10  Strings

The string datatype represents textual messages, comprised of any number of alphanumeric characters.

10.1 Characteristics

There are three ways to construct a string: by using single quotes, double quotes, or a multi-line string.

Single quotes (') on the extremities:

message = 'HELLO WORLD'
print(message)
HELLO WORLD

Double quotes (") on the extremities:

message = "HELLO WORLD"
print(message)
HELLO WORLD

Multiline string, uses triple quotes (""") on the extremities:

message = """
This is a menu for our application.

To get started, follow these instructions:

  1. __________
  2. ____________
  3. _____________

"""
print(message)

This is a menu for our application.

To get started, follow these instructions:

  1. __________
  2. ____________
  3. _____________

In practice, we might prefer to use double quotes by default. This allows us to use single quotes inside for contractions, whereas this would otherwise break the quoting level:

message = "It's awesome!"
print(message)
It's awesome!
#message = 'It's awesome!' # NOT VALID (BREAKS QUOTING LEVEL)
#print(message)

10.2 Operations

In practice, some common operations we perform with strings include concatenation, case manipulation, and substring checking, among others.

10.2.1 Concatenation

message = "HELLO" + "WORLD"
print(message)

message = "HELLO " + "WORLD"
print(message)

message = "HELLO" + " WORLD"
print(message)

message = "HELLO" + " " + "WORLD"
print(message)
HELLOWORLD
HELLO WORLD
HELLO WORLD
HELLO WORLD

10.2.2 Format Strings

As an alternative to concatenation, we can use a format string to dynamically compile a string.

Recall that we are not able to concatenate strings with non-string datatypes such as numbers. To overcome this limitation, we could use string conversion function, or more commonly, a format string.

The format string allows us to inject one or more variables into a string.

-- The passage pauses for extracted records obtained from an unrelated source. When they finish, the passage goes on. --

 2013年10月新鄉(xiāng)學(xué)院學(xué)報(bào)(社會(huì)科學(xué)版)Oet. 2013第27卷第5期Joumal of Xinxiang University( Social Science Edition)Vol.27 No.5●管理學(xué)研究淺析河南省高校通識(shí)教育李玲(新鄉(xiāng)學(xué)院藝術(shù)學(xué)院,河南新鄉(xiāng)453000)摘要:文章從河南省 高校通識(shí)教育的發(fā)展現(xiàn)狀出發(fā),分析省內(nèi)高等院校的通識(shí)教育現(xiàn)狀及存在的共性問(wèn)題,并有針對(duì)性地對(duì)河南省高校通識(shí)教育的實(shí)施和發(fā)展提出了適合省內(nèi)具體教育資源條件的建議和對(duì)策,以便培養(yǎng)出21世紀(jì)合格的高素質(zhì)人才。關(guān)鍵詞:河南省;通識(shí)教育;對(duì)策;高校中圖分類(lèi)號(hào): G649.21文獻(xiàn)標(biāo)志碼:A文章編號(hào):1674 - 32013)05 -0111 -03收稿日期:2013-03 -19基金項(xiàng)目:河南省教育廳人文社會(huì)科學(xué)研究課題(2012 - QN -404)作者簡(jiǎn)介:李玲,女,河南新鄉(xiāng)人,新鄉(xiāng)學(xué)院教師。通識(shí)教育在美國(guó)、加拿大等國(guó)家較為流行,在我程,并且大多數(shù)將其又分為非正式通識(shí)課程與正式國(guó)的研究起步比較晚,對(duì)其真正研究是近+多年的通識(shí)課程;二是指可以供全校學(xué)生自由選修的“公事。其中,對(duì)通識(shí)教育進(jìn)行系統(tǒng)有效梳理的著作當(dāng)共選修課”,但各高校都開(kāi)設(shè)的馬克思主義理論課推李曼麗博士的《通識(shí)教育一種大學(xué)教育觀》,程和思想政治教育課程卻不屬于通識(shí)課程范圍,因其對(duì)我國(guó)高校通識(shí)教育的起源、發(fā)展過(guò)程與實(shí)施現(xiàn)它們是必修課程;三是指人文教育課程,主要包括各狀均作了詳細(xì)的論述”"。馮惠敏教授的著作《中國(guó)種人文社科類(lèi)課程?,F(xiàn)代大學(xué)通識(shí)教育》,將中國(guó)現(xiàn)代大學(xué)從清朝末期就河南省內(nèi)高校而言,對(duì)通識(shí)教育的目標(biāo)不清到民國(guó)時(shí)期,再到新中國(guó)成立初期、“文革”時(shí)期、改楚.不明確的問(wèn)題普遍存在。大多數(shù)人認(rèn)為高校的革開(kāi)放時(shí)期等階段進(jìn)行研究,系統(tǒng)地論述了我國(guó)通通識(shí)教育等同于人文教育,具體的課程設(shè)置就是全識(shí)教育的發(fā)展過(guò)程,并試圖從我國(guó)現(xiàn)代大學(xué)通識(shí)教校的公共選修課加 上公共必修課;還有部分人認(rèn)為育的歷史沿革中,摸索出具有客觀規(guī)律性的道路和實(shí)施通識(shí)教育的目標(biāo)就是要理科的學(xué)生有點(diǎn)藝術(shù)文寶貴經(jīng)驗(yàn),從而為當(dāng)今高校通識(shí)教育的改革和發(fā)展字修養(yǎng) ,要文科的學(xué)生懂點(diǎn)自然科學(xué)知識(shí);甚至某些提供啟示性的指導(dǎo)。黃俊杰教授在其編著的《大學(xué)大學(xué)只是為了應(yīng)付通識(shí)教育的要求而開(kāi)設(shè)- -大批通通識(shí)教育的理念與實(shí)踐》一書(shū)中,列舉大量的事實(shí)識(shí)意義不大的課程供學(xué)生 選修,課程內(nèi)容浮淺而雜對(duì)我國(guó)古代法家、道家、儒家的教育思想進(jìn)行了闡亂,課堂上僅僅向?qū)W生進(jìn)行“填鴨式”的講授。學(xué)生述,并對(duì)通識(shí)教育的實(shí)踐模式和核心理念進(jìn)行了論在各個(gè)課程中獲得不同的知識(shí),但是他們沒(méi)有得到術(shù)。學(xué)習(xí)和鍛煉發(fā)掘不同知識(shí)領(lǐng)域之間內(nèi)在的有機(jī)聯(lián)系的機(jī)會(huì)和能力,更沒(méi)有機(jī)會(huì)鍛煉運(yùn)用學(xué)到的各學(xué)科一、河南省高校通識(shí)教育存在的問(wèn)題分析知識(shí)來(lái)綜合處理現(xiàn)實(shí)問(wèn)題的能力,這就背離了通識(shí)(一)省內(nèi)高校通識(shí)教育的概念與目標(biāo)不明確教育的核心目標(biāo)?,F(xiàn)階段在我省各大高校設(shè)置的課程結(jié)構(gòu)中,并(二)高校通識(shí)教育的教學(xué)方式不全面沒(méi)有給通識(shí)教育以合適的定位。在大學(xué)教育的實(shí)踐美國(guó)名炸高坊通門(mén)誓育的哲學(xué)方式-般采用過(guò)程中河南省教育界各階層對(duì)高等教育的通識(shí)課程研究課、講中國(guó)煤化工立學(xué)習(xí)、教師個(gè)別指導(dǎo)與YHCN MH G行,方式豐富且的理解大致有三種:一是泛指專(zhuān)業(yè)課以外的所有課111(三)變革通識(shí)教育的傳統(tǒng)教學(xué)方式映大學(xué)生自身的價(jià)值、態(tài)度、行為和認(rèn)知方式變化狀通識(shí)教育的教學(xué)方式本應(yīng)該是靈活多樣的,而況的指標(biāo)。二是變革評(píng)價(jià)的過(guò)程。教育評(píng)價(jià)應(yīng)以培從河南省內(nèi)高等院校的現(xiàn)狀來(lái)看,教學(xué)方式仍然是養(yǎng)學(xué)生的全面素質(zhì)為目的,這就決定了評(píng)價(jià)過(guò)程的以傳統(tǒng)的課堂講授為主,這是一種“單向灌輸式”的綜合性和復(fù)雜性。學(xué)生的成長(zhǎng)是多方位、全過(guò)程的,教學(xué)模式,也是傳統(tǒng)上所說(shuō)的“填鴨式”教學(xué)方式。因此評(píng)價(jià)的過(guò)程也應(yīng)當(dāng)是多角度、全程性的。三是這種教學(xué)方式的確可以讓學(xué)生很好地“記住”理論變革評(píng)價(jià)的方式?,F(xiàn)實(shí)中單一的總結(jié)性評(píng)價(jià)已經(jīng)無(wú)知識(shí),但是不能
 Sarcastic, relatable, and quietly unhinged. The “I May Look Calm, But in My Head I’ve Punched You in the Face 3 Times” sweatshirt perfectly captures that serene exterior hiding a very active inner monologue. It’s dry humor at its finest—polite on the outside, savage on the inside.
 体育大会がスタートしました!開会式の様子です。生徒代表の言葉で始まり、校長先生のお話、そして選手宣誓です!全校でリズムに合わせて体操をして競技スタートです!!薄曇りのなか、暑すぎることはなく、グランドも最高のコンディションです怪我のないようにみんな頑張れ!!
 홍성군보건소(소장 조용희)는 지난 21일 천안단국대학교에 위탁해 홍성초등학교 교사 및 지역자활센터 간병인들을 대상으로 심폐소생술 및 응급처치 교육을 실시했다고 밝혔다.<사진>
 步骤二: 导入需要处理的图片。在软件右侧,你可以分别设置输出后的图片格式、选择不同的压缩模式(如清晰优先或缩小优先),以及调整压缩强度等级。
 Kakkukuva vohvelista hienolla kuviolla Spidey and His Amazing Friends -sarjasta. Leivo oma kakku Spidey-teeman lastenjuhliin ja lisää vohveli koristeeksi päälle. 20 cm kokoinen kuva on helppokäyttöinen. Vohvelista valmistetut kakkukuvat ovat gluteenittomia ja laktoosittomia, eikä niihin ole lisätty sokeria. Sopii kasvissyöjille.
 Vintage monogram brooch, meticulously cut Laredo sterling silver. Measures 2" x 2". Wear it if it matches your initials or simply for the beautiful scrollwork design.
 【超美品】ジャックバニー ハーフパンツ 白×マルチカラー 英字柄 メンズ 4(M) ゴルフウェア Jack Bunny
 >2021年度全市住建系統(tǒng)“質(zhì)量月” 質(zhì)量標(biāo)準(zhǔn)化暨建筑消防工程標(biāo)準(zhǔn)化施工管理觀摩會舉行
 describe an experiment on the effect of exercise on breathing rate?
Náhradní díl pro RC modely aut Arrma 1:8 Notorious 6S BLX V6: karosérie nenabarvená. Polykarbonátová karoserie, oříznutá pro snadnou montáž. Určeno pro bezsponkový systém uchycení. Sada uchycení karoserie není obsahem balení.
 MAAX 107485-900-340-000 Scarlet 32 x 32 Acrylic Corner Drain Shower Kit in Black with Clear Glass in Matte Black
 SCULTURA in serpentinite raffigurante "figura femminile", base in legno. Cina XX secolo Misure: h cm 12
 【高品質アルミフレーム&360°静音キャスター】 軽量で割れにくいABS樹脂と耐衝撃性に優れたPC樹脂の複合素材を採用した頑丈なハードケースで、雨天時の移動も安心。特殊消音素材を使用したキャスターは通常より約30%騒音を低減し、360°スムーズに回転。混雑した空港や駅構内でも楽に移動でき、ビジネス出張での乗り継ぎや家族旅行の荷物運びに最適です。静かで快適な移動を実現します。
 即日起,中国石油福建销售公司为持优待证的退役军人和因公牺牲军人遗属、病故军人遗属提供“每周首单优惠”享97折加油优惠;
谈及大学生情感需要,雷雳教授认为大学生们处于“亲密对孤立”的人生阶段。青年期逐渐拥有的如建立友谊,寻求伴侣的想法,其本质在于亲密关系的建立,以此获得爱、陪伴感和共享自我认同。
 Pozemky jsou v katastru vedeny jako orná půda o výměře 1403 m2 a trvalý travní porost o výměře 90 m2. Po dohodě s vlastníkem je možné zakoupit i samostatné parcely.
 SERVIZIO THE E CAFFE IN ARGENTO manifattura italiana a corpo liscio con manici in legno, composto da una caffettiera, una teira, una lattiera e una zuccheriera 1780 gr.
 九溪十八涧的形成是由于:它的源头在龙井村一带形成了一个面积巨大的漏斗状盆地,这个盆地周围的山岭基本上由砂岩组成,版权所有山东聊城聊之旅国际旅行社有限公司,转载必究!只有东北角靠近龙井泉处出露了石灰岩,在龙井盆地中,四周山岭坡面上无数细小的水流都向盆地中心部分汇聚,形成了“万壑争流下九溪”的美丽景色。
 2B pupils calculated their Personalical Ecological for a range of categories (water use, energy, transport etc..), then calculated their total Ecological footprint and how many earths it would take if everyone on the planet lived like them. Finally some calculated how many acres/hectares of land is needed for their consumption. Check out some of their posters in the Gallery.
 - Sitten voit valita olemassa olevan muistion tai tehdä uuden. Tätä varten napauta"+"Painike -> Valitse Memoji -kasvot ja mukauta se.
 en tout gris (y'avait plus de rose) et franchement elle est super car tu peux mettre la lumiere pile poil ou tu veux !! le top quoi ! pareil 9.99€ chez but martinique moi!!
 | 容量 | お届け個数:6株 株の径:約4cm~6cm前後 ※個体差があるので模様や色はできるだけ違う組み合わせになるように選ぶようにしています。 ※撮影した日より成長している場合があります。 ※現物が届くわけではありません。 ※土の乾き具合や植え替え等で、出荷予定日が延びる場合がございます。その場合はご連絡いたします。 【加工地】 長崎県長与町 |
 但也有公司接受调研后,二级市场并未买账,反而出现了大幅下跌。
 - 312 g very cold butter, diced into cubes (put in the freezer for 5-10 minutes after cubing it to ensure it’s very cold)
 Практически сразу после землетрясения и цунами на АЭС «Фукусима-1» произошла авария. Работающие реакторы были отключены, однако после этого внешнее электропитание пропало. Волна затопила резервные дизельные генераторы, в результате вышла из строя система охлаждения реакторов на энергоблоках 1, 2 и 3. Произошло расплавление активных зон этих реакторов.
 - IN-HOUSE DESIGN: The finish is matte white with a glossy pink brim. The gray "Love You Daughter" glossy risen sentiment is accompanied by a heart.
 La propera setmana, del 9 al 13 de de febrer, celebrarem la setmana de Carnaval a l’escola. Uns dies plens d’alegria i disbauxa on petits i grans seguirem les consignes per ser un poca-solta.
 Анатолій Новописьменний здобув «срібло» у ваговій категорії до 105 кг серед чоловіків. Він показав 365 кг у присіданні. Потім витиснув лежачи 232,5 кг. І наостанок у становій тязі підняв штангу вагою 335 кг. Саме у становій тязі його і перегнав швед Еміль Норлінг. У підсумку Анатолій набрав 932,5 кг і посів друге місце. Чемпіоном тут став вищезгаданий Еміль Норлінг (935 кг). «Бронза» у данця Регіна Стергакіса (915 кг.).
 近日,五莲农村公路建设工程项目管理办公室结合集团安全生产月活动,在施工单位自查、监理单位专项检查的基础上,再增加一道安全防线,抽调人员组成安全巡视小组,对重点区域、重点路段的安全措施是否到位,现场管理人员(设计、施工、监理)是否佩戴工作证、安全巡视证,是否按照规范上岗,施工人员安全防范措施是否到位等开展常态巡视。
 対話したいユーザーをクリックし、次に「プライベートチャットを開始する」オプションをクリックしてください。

To implement a format string, we need the letter f immediately preceding the string. And we need curly braces ({}) inside the string. This allows us to inject a variable inside the curly braces:

price = 4.5
print(f"PRICE: ${price}")
PRICE: $4.5

We can use a formatting directive such as :.2f to format a number to two decimal places, for example to format a number as US Dollars (USD):

price = 4.5
print(f"PRICE: ${price:.2f}")
PRICE: $4.50

A formatting directive such as :, to use a thousands separator:

shares = 120000
print(f"SHARES: {shares:,}")
SHARES: 120,000

Notice, it is possible to inject multiple variables in the format string, and to mix and match formatting directives:

price = 4.5
shares = 120000
stake = price * shares
print(f"PRICE: ${price:.2f} | SHARES: {shares:,} | STAKE: ${stake:,.2f}")
PRICE: $4.50 | SHARES: 120,000 | STAKE: $540,000.00

10.2.3 Case Manipulation

Converting to all uppercase:

"hello WorlD".upper()
'HELLO WORLD'

Converting to all lowercase:

"hello WorlD".lower()
'hello world'

Converting to title case, where the first letter of each word is capitalized:

"hello WorlD".title()
'Hello World'

10.2.4 Substring Checking

We can use the inclusion operator to perform substring checking:

"h" in "hello world"
True

Note this is case sensitive:

"H" in "hello world"
False

10.2.5 Substring Replacement

It is possible to replace all instances of a substring within a larger string:

"hello world. as the world turns.".replace("world", "globe")
'hello globe. as the globe turns.'

10.2.6 Length Checking

A string is like a list of individual characters.

Like a list, we can use the len function to count the number of characters in a string:

len("HELLO WORLD")
11

10.2.7 String Indexing and Slicing

Similar to list operations, we can use indices to reference a specific character in the string, or a sequence of characters (i.e. string slicing):

"HELLO WORLD"[0]
'H'
"HELLO WORLD"[0:5]
'HELLO'

10.2.8 String Splitting

The split method will split a string on a designated delimiter:

"hello world".split(" ")
['hello', 'world']
"first | second | third".split(" | ")
['first', 'second', 'third']